We next compared the genes and transcript expression levels generated by long-read ONT and short-read Illumina platforms. As expected, gene and transcript quantifications from long-read data were highly concordant with those from short-read data (Spearman correlation coefficient r = 0.666 for genes and 0.507 for transcripts, respectively; Fig. 2B). Further analyses indicated that the average expression level of novel transcripts (NIC + NNC) was lower than that of known transcripts (FSM) (Fig. 2C). We then conducted pathway enrichment analysis on individual genes with a high gain of novel splice isoforms, selecting those genes with a twofold increase for analysis (see Additional file 2: Table S4). Our results showed that genes with a high gain of novel isoforms are associated with cancer-related signatures, such as RNA splicing, TGF pathway, JAK/STAT pathway, and MYC pathway (Fig. 2D). Notably, oncogenes gained a substantial number of novel transcripts that may play an important role in carcinogenesis and tumor progression. Further analysis indicated that oncogenes were significantly overrepresented in the gene list with a twofold increase, while tumor suppressor genes were underrepresented in this gene set (Fig. 2E). Our analysis revealed that certain oncogenes, including CDH17, EZH2, and ERBB2, exhibited a higher number of novel isoforms (Fig. 2F). Several novel transcript isoforms were validated using qRT-PCR (Additional file 1: Fig. S4g). These findings suggest a potential role for these isoforms in CRC development and progression.
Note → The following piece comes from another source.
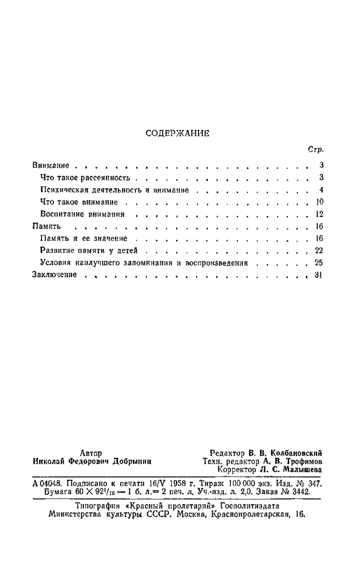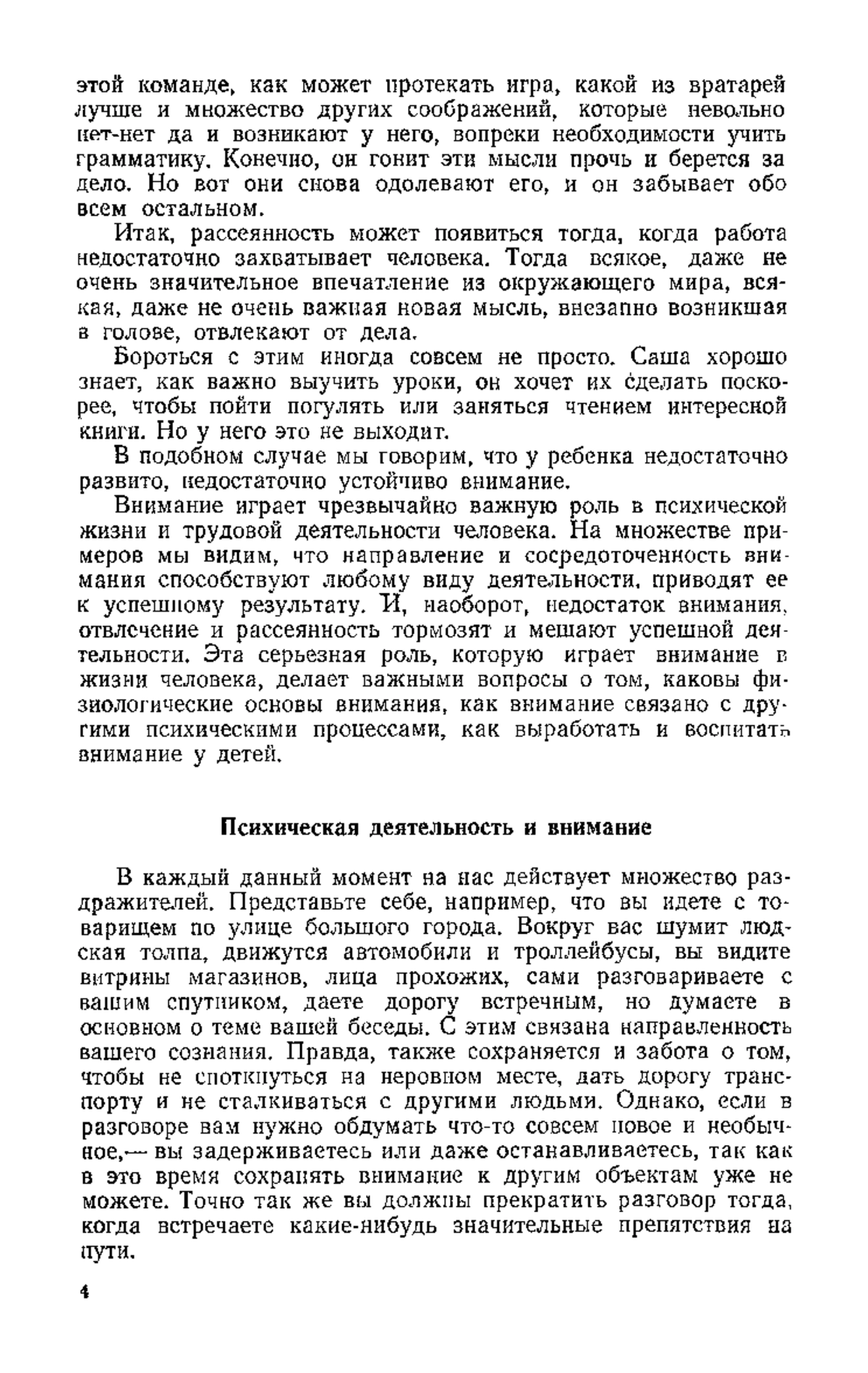 «Каждый замечал, что иногда никак не удается полностью и надолго заняться одной какой-нибудь работой, например, чтением трудно написанной книги. Прочитаешь несколько строк и начинаешь думать совсем о другом. Спохватываешься, снова берешься за чтение, но через несколько минут опять замечаешь, что отвлекся. Вот ученик 5-го класса Саша готовит дома уроки. Как будто бы все сделано домашними так, чтобы он не отвлекался: он сидит за отдельным столом, перед ним окно третьего этажа, вблизи крыши соседних домов, ничего интересного в окно не видно. Он старательно разложил книги, тетрадки и принимается читать учебник грамматики…»

To evaluate the function of the non-coding regions of the genome, which comprise over 98% of the genome and are largely unknown, we assessed the evolutionary conservation of the novel non-coding transcripts. We used phyloP and phastCons scores to perform sequence conservation analysis and found that the novel transcripts had higher conservation scores than random control regions (Fig. 2G). To further characterize the identified novel transcripts that might function as putative protein-coding genes, we evaluated those transcripts with high coding potential. We extracted open reading frames (ORF, length ≥ 300 bp) via sequence homology analysis against the Uniprot database using blastp and functional protein domain prediction using HMMER against the Pfam database [31]. The results indicated that the majority of novel transcripts had the potential to encode proteins (Fig. 2H and Additional file 1: Fig. S5a). To determine whether long-read ONT novel transcripts can encode novel proteins, we compared the predicted ORFs to their closest match in the UniProt database. The results indicated the majority of FSM transcripts encoded ORFs were > 99% identical to the protein in the UniProt database (Additional file 1: Fig. S5b). In contrast, fewer ORFs encoded by NIC or NNC transcripts were annotated in the UniProt database, and a large proportion of ORFs was complete, suggesting that the long-read ONT method may provide much more information for CRC transcriptome.

Beyond transcript annotation, our pipeline leveraged existing CRC proteomics data from the Clinical Proteomic Tumor Analysis Consortium (CPTAC) project to validate our novel ORFs. We intersected our data by spectral matching novel ORFs encoded peptides with 97 publicly available CRC samples and 100 adjacent normal samples profiled by TMT10plex MS/MS proteomics. The results showed that 3729 NIC and 817 NNC novel ORFs encoded peptides were supported by LC–MS/MS data. Additionally, we also found 1883 annotated FSM transcripts producing novel ORFs not present in the UniProt database (Fig. 2I and Additional file 2: Table S5). Of all the ORFs with peptide support, we used the DeepLoc [33], a deep neural network-based tool, to predict the subcellular location of these proteins, with about half located in the cytoplasm or nucleus (Additional file 1: Fig. S5c). The TMHMM analyses showed that 606 novel ORFs had transmembrane domains, suggesting the important role of these previously undefined proteins (Additional file 1: Fig. S5d). Although validating novel transcripts with unique peptides is challenging, LC–MS/MS analysis detected the protein products of three selected novel transcripts (MSTRG.373437.7, MSTRG.17227.18, and MSTRG.42052.109) at their isoform-specific junction regions (Additional file 1: Fig. S5e). These results suggested that previously undetected transcripts can encode novel protein isoforms, which might play a role in producing neoantigens in cancer.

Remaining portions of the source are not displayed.